The flight from Helsinki completed a three-week, four-stage tour with one of five test planes visiting 14 destinations including Johannesburg, Sydney, Santiago, Doha and Moscow.

Airbus crews were at the controls, assisted by so-called airworthiness pilots from the European Aviation Safety Agency (Easa).

The trials and supporting documentation should ensure certification of Airbus' answer to Boeing's 787 Dreamliner within weeks, clearing the way for the first delivery in the fourth quarter to Qatar Airways, the A350's largest customer with 80 on order. The next challenge for the European manufacturer involves accelerating production from a handful of prototypes to output of 10 widebody planes a month by 2018.

“It’s a milestone that means we can retire the technical risk,” said SG Securities analyst Zafar Khan, who has a “buy” rating on Airbus stock. “The issue going forward is on industrialisation of the ramp-up, which is challenging, because you’re no longer building for a test programme, but to sell — and therefore to have a targeted cost for actual assembly.”

The first A350-900 will carry 315 passengers with a range of 7,750 nautical miles. A later variant, the A350-1000, will enter service in 2017, seating 369 people.

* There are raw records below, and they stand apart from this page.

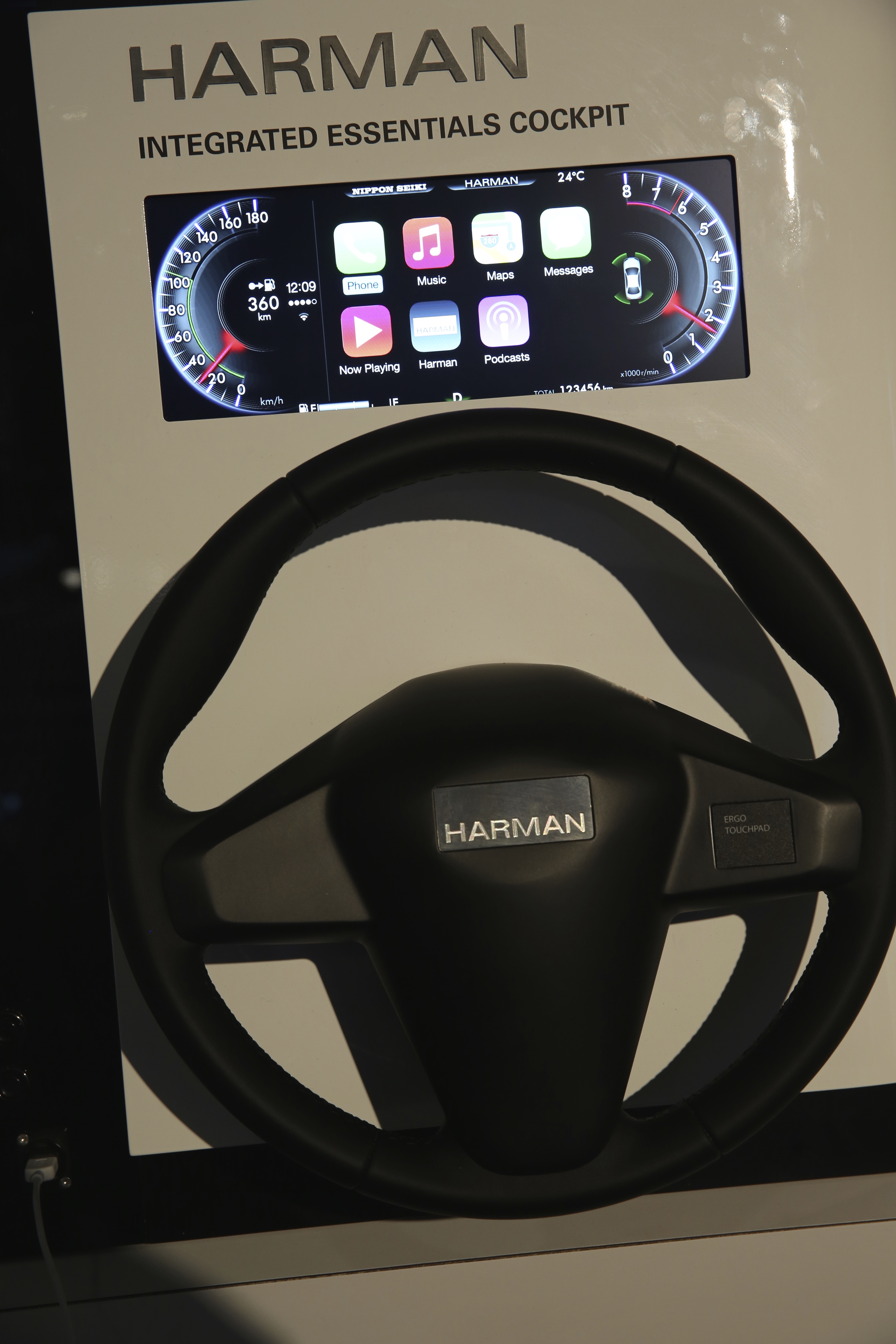Demonstrating how Apple’s CarPlay will be integrated into upcoming budget vehicles, Harman has shown the Integrated Essentials Cockpit, a new OEM solution that does away with direct touchscreen interaction in favor of a steering wheel-mounted touchpad. The Integrated Essentials Cockpit eliminates the currently popular center console-mounted screen, instead bringing Apple’s CarPlay interface directly into the dashboard behind the steering wheel.
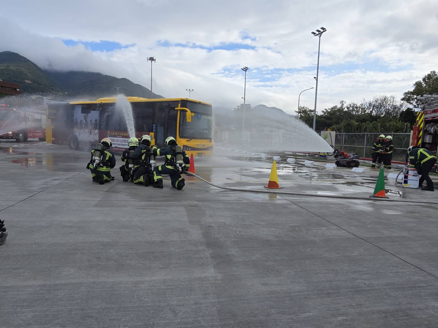 公運處表示,北投機廠共享充電場站平時由大南汽車管理,因鄰近捷運軌道,災害發生時,自動報警系統將同時通報大南汽車及北捷公司,有助第一線人員即時應變,在最短時間內向消防分隊完成通報;另為加強場站緊急應變能力,該場站備有移動式細水霧設備,本次亦由站務人員實際操練,能有效避免火勢擴散及蔓延。
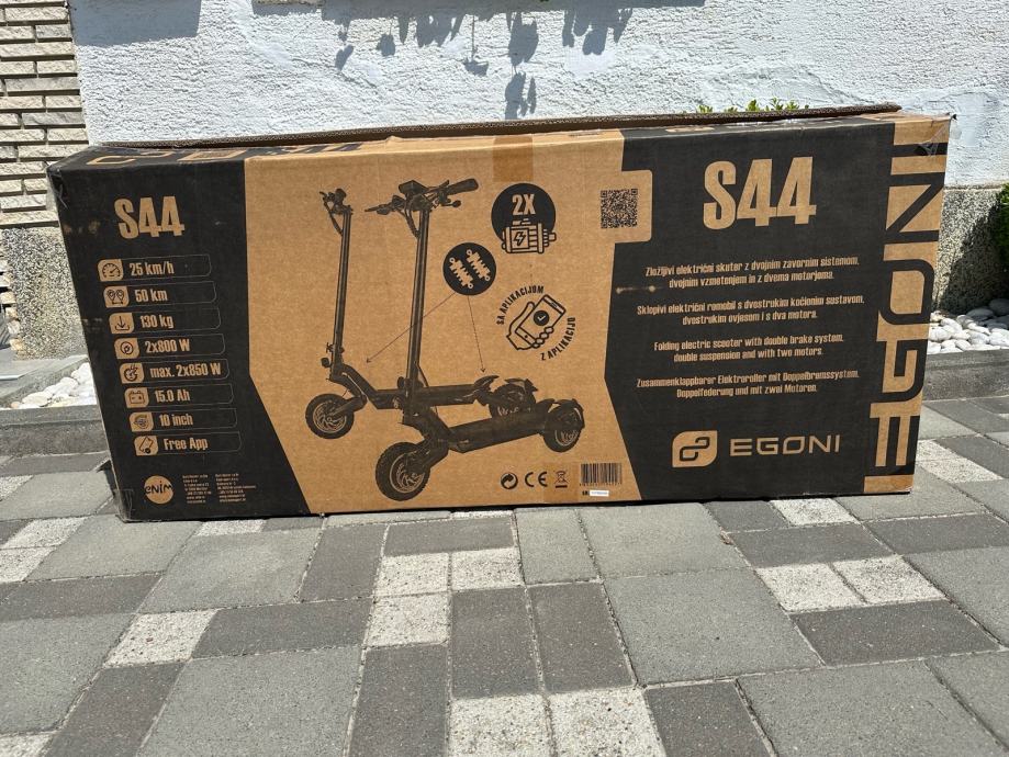Romobil E goni S44 pogon na oba kotača malo korišten očuvan , nove gume, prednja i zadnja suspenzija, max brzina 43 kmh, gume 10 Inc cijena 800eura, !HITNO!

Airbus, which spent in excess of €11 billion developing the twin-engine A350, has promised investors the programme will be profitable before the end of the decade. The company last year made a provision of more than €400 million for underestimating the cost of the initial batch, a step that continued a recent history of jetliner cost overruns.

The double-decker A380 suffered glitches with wire installation and wing cracks that appeared after service entry, and should finally turn profitable next year, Airbus has said.

Boeing’s 787 was three years late when it began commercial operations in late 2011. The US manufacturer is also targeting cash-flow break even for the programme in 2015.

Airbus’s A350 programme director, Didier Evrard, said last month at the Farnborough Air Show that the company may seek to raise output to 12 planes a month if it can achieve production enhancements such as faster manufacturing of carbon components.

Fernando Alonso, senior vice president for flight and integration tests, said in an interview that the model’s on-schedule performance in the recent three-week proving tour — during which he was part of a crew which flew Toulouse- Johannesburg-Sydney-Auckland-Santiago-Sao Paulo-Toulouse back-to-back — was a key reliability indicator.

While engineers from Easa raised some questions, “we really didn’t discover anything that we didn’t already know about,” he said.

The next step is to fulfil flight requirements needed to secure the maximum range for extended twin-engine operations, or Etops, which governs how far planes with only two turbines can fly from the nearest diversionary airport and is a key limiting factor for trans-oceanic services.

Over the next two weeks the A350 will perform six or seven more long-range flights over water, Mr Alonso said, initiating power and systems failures to show it can fly for seven hours on one engine. The longest current Etops range of 5-1/2 hours was granted to the Boeing 787-8 variant in May.

Once A350 tests are complete Airbus will focus on the A320neo programme, with the first trials involving a re-engined version of the single-aisle jet planned for September.